### [Work required]
From the data below, repeat everything exactly except the images.
Start of Source data
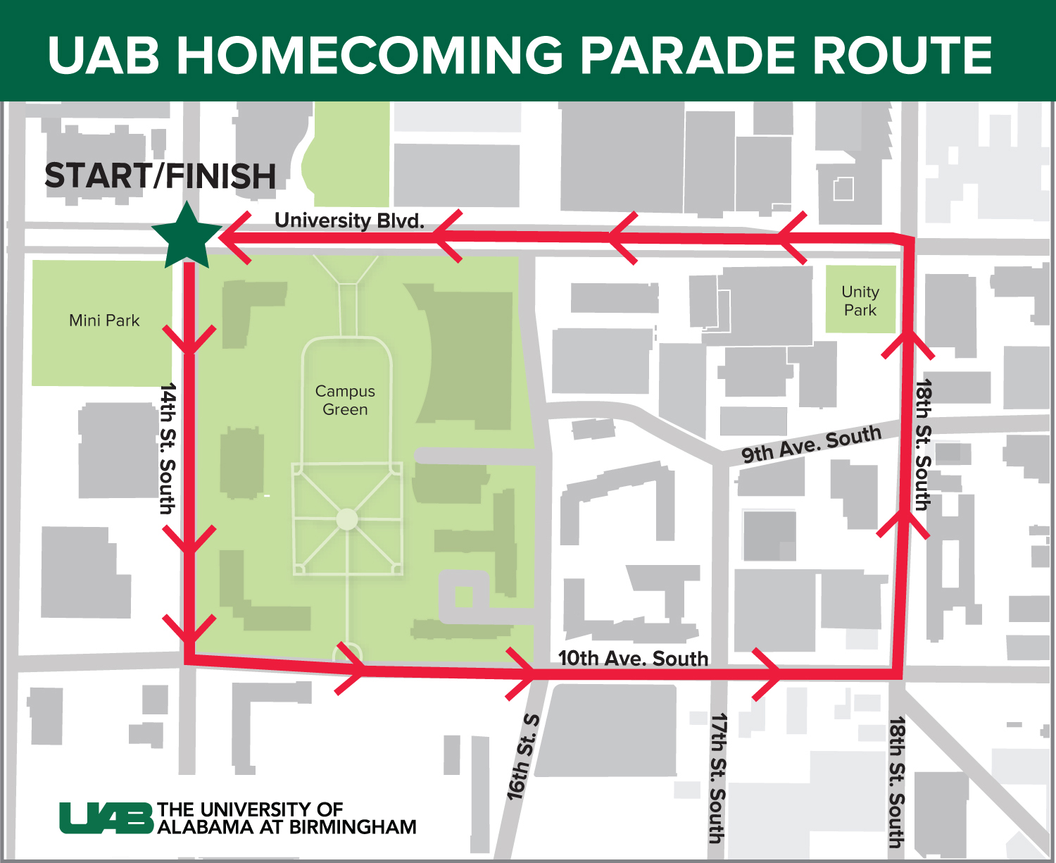 - Line-up begins no earlier than 10:00 a.m. on 14th Street South. All participants should enter from University Blvd to check in.
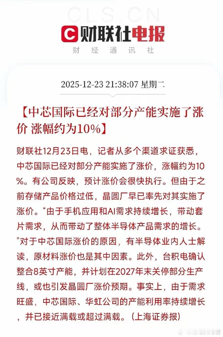 重大利好:中芯国际部分产能涨价10%,半导体成熟制程拐点或至财联社确认,中芯国际
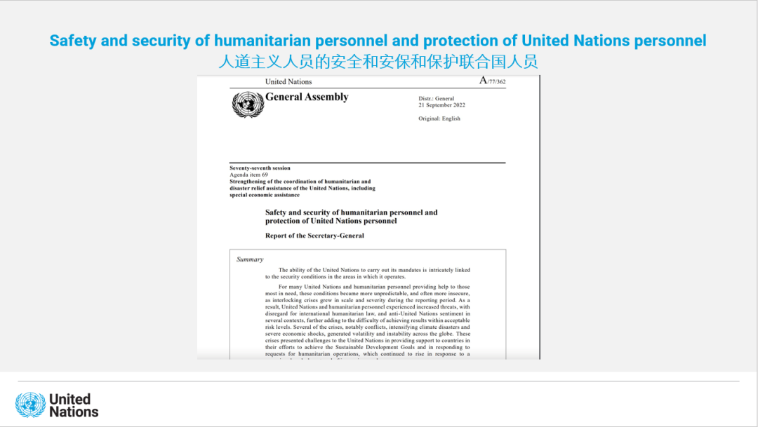向筱含通过联合国秘书处安全与安保部宣传片向大家介绍了该部门的主要工作内容,让同学们直观地感受到,无论在多么危险的地区,都能看到UNDSS工作人员正在为实现和平而奉献。随后,向筱含分享了一项令她印象深刻的工作,即撰写《人道主义人员的安全和安保和保护联合国人员》报告(Safety and security of humanitarian personnel and protection of United Nations personnel)。这份报告全面总结了联合国工作人员一年内为维护和平和提供人道主义救援所面临的工作情况,以及为解决问题所付出的努力。在工作过程中向筱含遇到了一些挑战,但这项工作最终在大家的不懈努力下顺利完成,那时她心中的充盈和自豪是难以言喻的。
End of Source data
### [Expected answer]
 - Line-up begins no earlier than 10:00 a.m. on 14th Street South. All participants should enter from University Blvd to check in.
 重大利好:中芯国际部分产能涨价10%,半导体成熟制程拐点或至财联社确认,中芯国际
向筱含通过联合国秘书处安全与安保部宣传片向大家介绍了该部门的主要工作内容,让同学们直观地感受到,无论在多么危险的地区,都能看到UNDSS工作人员正在为实现和平而奉献。随后,向筱含分享了一项令她印象深刻的工作,即撰写《人道主义人员的安全和安保和保护联合国人员》报告(Safety and security of humanitarian personnel and protection of United Nations personnel)。这份报告全面总结了联合国工作人员一年内为维护和平和提供人道主义救援所面临的工作情况,以及为解决问题所付出的努力。在工作过程中向筱含遇到了一些挑战,但这项工作最终在大家的不懈努力下顺利完成,那时她心中的充盈和自豪是难以言喻的。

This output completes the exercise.